The delusions of Jos, along with the chapter divisions, the music, the numerous plot twists, and the many gangster characters—including Hendrik (Georg Friedrich), Jos’s murderous brother—become part of the filmmakers storytelling method and to return for a moment to theory, they are part of the syuzhet the story telling apparatus. To complete this complex ensemble, there is also an omniscient narrator in the form of a voiceover. Mythical figures as well as real life gangster all add to the greater despair. In this somewhat sinister carnivalesque landscape, the characters need no drugs for their delusions, though—much like in the real-life border regions of the Netherlands—the production and trade of organic and synthetic drugs play here a significant role.

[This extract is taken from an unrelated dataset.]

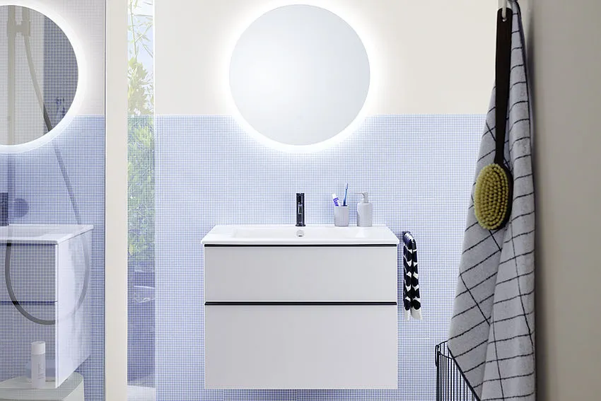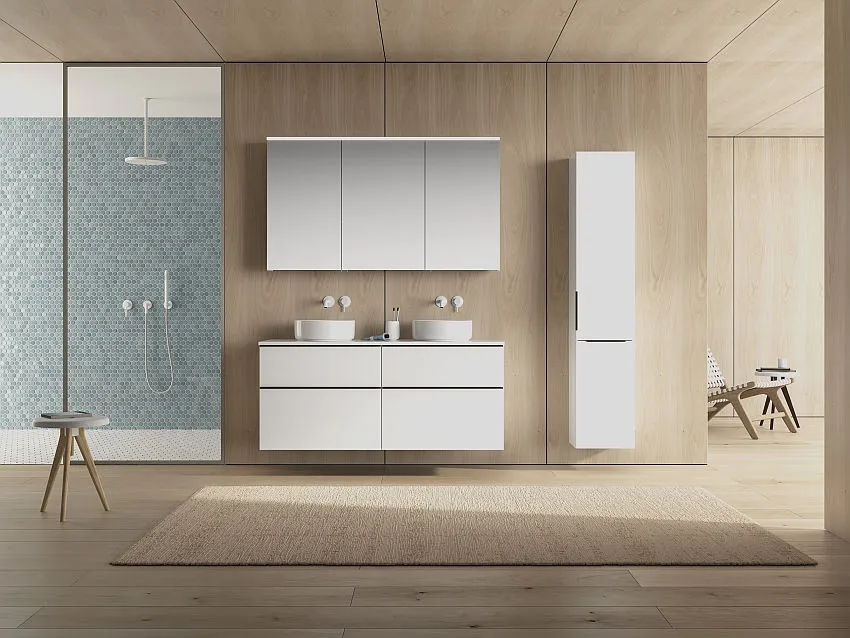Neu ist der RL20-Spiegelschrank (sieben Varianten, 60 bis 160 cm Breite) mit umlaufender LED-Beleuchtung, stufenlos regelbarer Lichtfarbe, Dimmfunktion und integrierter E-Box mit USB-C, wahlweise als Aufputz- oder Wandeinbau-Variante, ausgezeichnet mit dem RAL-Gütezeichen Möbel Zirkulär Nachhaltig. Zusätzlich stehen runde Spiegel mit LED-Beleuchtung und optionaler Spiegelheizung zur Auswahl.

The increasing chaos in Jos’s mind also largely shapes the narrative perspective of the film. The music by Djurre de Haan amplifies this chaos, creating a sense of evolution from beginning to end. Director Michiel ten Horn (b. 1983) does not deny his roots in animation or his love for dark comedy - in 2014 he made the much awarded Aanmodderfakker - and gangster films. In Fabula he blends live-action with observations of the film’s swampy setting—the Peel region—a place filled with fables, legends, fairy tales, and carnival as a form of redemption.
Fabula is a film that lives up to its name as being a fable, a fairytale. For this it employs every possible tool to tell the story of Jos, the hustler. Complete with stabbings, shootings, and an unorthodox beheading scene that once again reveals the filmmaker’s origins and preferences—and will delight horror fans—the film is a Dutch, German, and Belgian co-production. It emerges from a production climate that, much like the syuzhet of Fabula, must pull out all the stops.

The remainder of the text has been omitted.